Starmer has at last taken the tough line of attack against which Johnson has no defence, and which leads the PM to reveal his real, divisive, cynical, self-serving persona. Starmer should take that route going forward in the Commons, and press it home to the very end.
Agreed
Starmer has had a good two days
He needs many more
So right, John. I have been waiting for such exchanges by Starmer for a long while. Now they have come, they must continue.
Terrific quote from Hastings, John. Thanks for the reminder.
“Which government do you think would be better for tackling the government’s deficit?”
It’s interesting that polls such as these ask this sort of leading question, as if this should policy actually be pursued.
Worrying and dangerous.
Agreed
But that is the narrative right now
Completely ignorant assumptions underlying the question. No understanding of macroecon at all.
The Tories might be pleased about this, insisting that markets determine outcomes and so on. The rest of us might just think that they are a busted flush.
If we needed reminding, the financial crash of 2007-8 was the final, chilling, and crushing demonstration that when the chips are down – the markets are always, and unavoidably the biggest busted flush.

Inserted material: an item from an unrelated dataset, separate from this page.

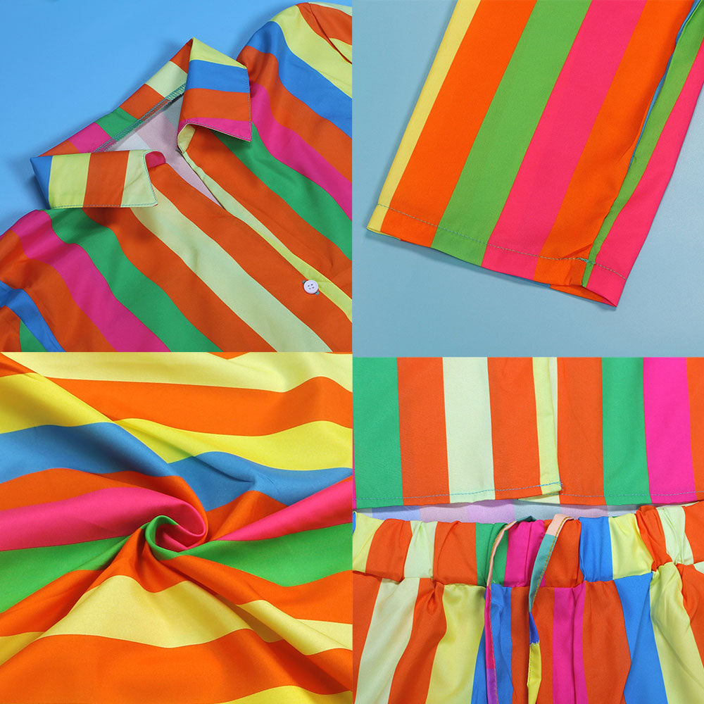 Colorful Printed Long Sleeve Shirt and Shorts Set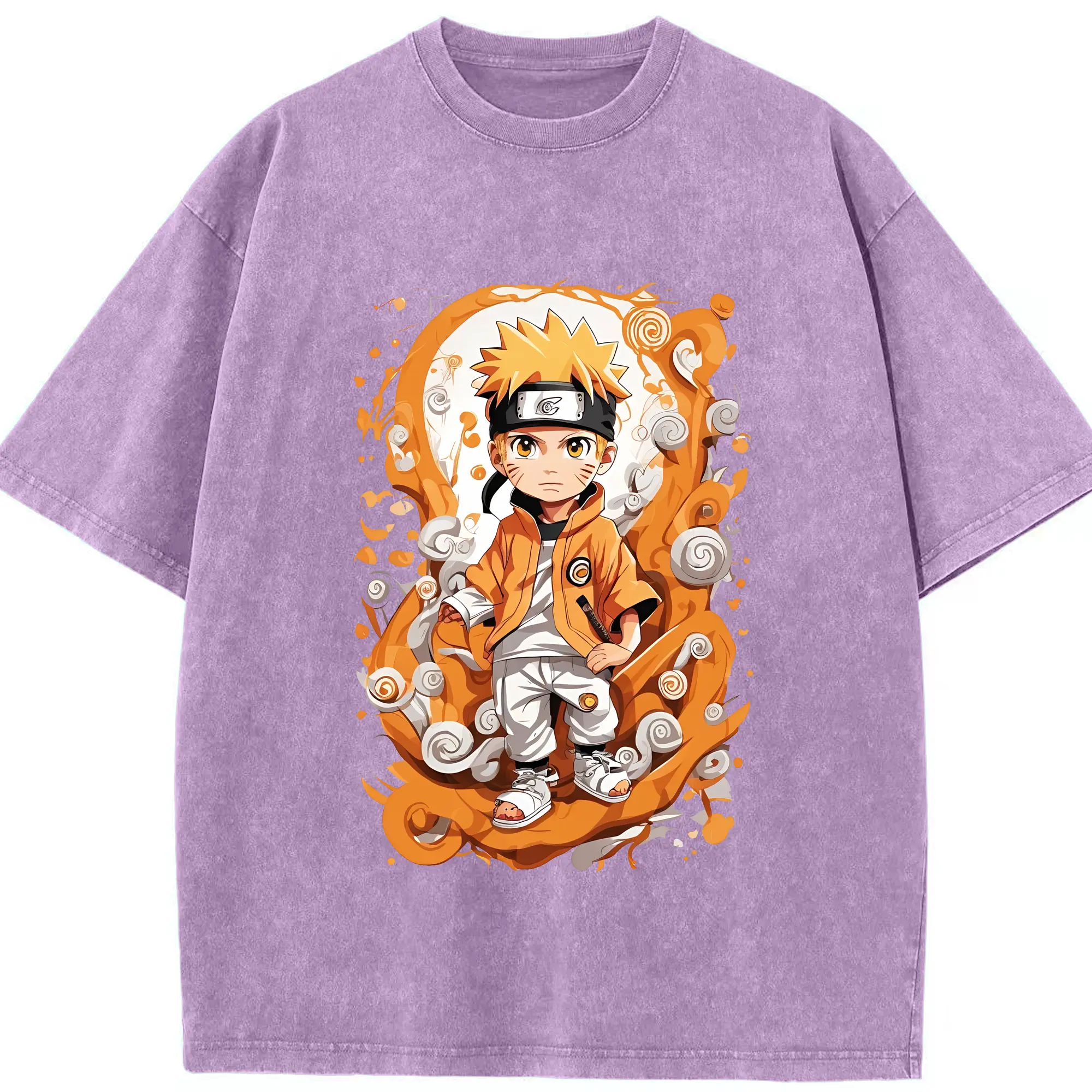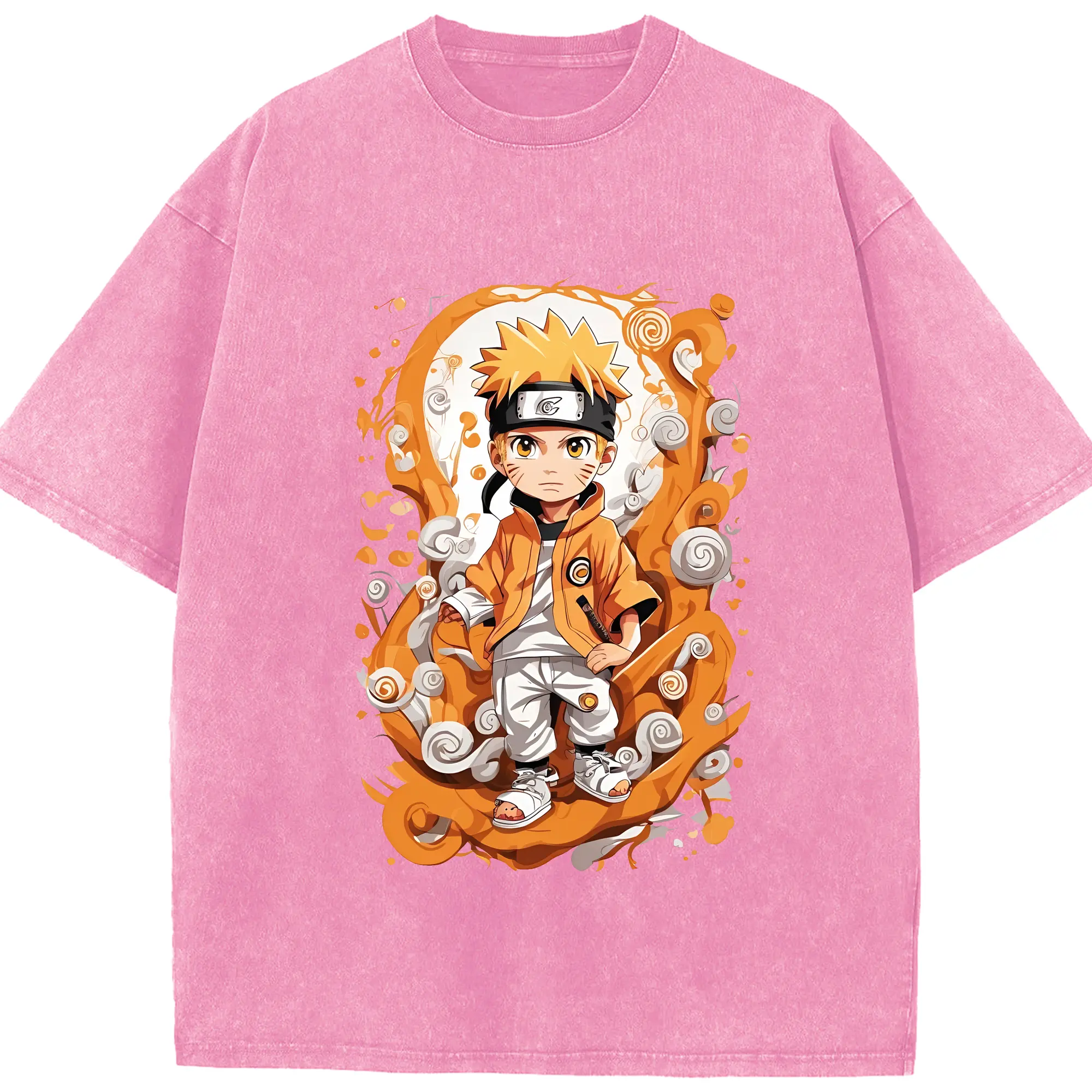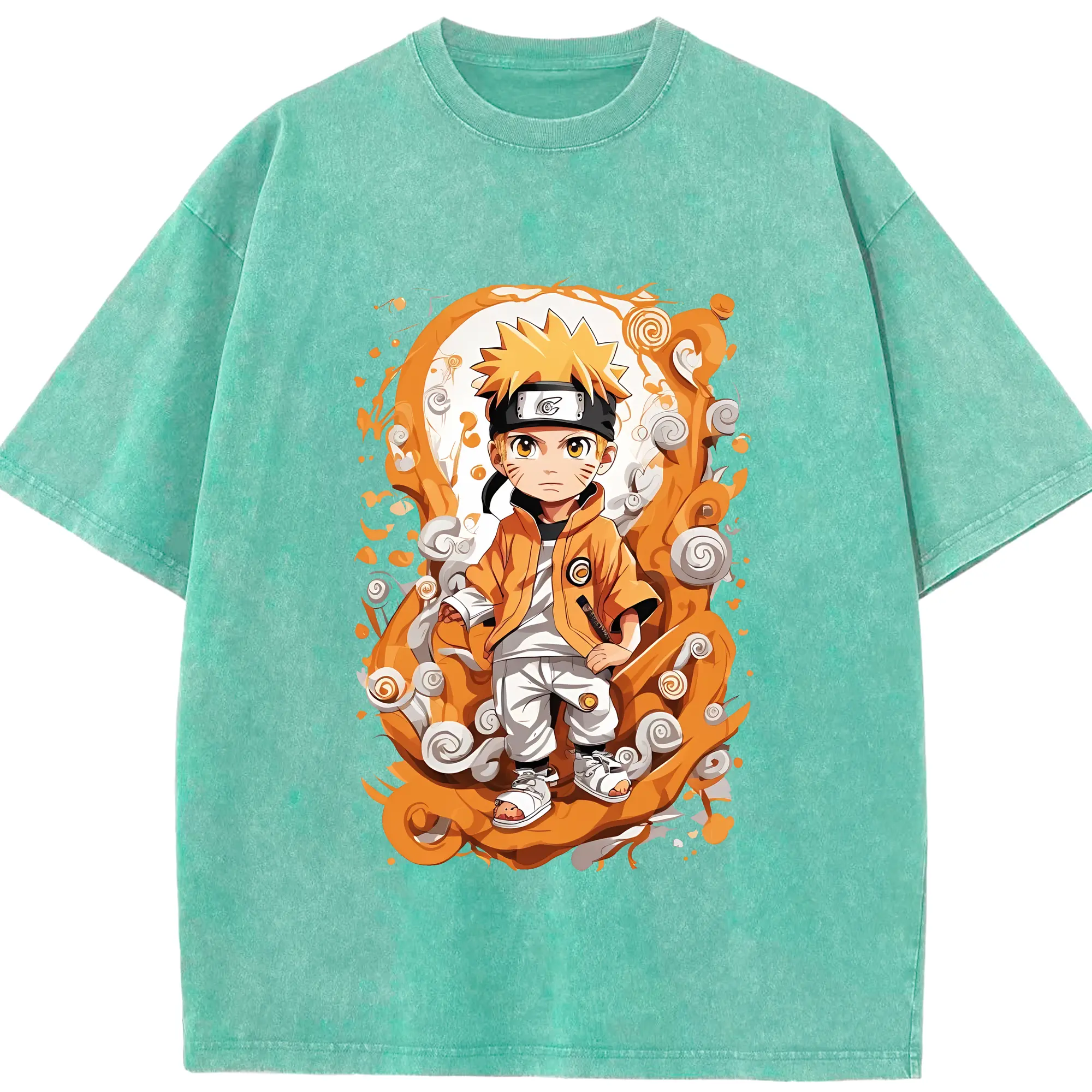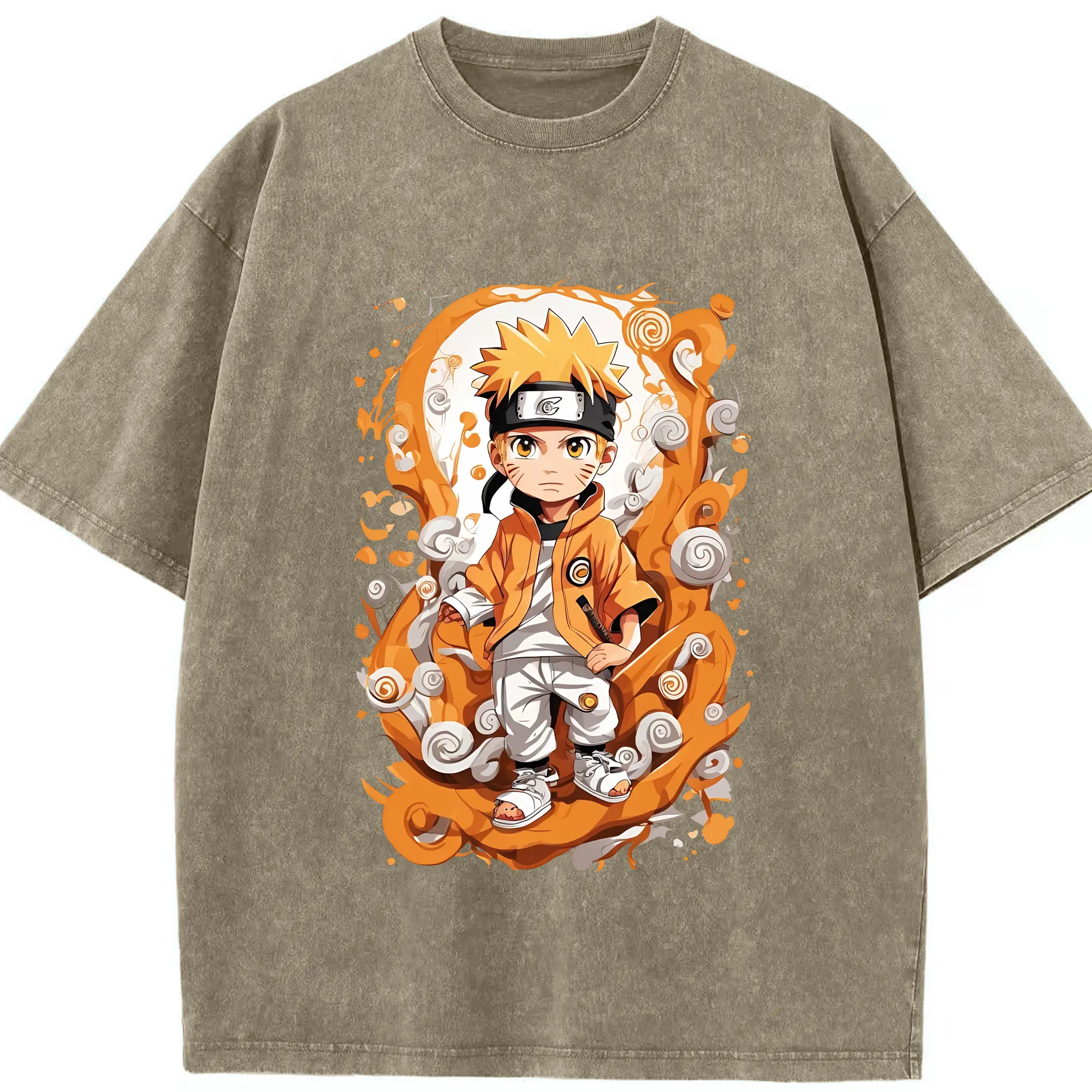 ナルト グッズ うずまき ナルト - 綿100% ヴィンテージ風 半袖Tシャツ ・ 背面プリント ・ 柔らか肌触り ・ 通気性 快適 ・ スポーツ カジュアル 外出用

It is the sovereign issuer of the currency and receiver of taxes who is, ultimately the lender (and more critically in modern money markets), the dealer of last resort.
Liquidity is the master of markets; and at the last ditch, liquidity has only ever one master.
From a Labour perspective I think it’s still the belief that they caused the entire global financial crisis a decade ago all by themselves. People still seem to believe that.
Please, tell me it ain’t so. How could anyone be so dim as to continue to believe something like this.